On Fri, Jan 23, 2015 at 02:44:07PM +0200, Mika Kuoppala wrote:
> From: Chris Wilson <chris at chris-wilson.co.uk>
> 
> When run as a timer, i915_hangcheck_elapsed() must adhere to all the
> rules of running in a softirq context. This is advantageous to us as we
> want to minimise the risk that a driver bug will prevent us from
> detecting a hung GPU. However, that is irrelevant if the driver bug
> prevents us from resetting and recovering. Still it is prudent not to
> rely on mutexes inside the checker, but given the coarseness of
> dev->struct_mutex doing so is extremely hard.
> 
> Give in and run from a work queue, i.e. outside of softirq.
> 
> v2:
> 
> The conversion does have one significant change, from the use of
> mod_timer to schedule_delayed_work, means that the time that we execute
> the first hangcheck is fixed and not continually deferred by later work.
> This has the advantage of not allowing userspace to fill the ring before
> hangcheck can finally run. At the same time, it removes the ability for
> the interrupt to defer the hangcheck as well. This is sensible for that
> an interrupt is only for a single engine, whereas we perform hangcheck
> globally, so whilst one ring may have hung, the other could be running
> normally and preventing the hangcheck from firing.

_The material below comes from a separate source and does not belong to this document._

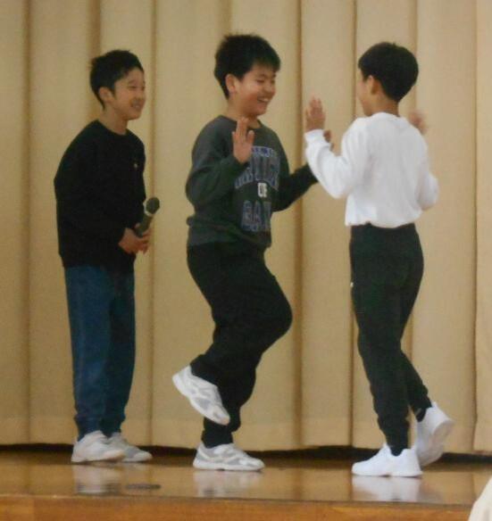 全校集会の後、「片足立ち手押しずもう列車」のチャンピオン大会がありました。1月中に各学年で予選会をし、学年チャンピオンになった子が全校の前で本日のチャンピオン大会にのぞみました。どの対戦も見ごたえのある対決となり、大きな拍手が起きました。これは、今年度重点的に取り組んできた「体幹を鍛える」遊びの一つとして、保健委員会が企画運営してくれました。

We can drop this comment since we have already applied this change in an
earlier patch.

> @@ -3097,17 +3099,11 @@ static void i915_hangcheck_elapsed(unsigned long data)
>  
>  void i915_queue_hangcheck(struct drm_device *dev)
>  {
> -	struct drm_i915_private *dev_priv = dev->dev_private;
> -	struct timer_list *timer = &dev_priv->gpu_error.hangcheck_timer;
> -
>  	if (!i915.enable_hangcheck)
>  		return;
>  
> -	/* Don't continually defer the hangcheck, but make sure it is active */

Keep the comment, or more preferrably let's capture the reason why we
don't want to continually defer the hangcheck:

/* Don't continually defer the hangcheck so that it is always run at
 * least once after work has been scheduled on any ring. Otherwise,
 * we will ignore a hung ring if a second ring is kept busy.
 */

> -	if (timer_pending(timer))
> -		return;
> -	mod_timer(timer,
> -		  round_jiffies_up(jiffies + DRM_I915_HANGCHECK_JIFFIES));
> +	schedule_delayed_work(&to_i915(dev)->gpu_error.hangcheck_work,
> +			      round_jiffies_up_relative(DRM_I915_HANGCHECK_JIFFIES));
>  }

-- 
Chris Wilson, Intel Open Source Technology Centre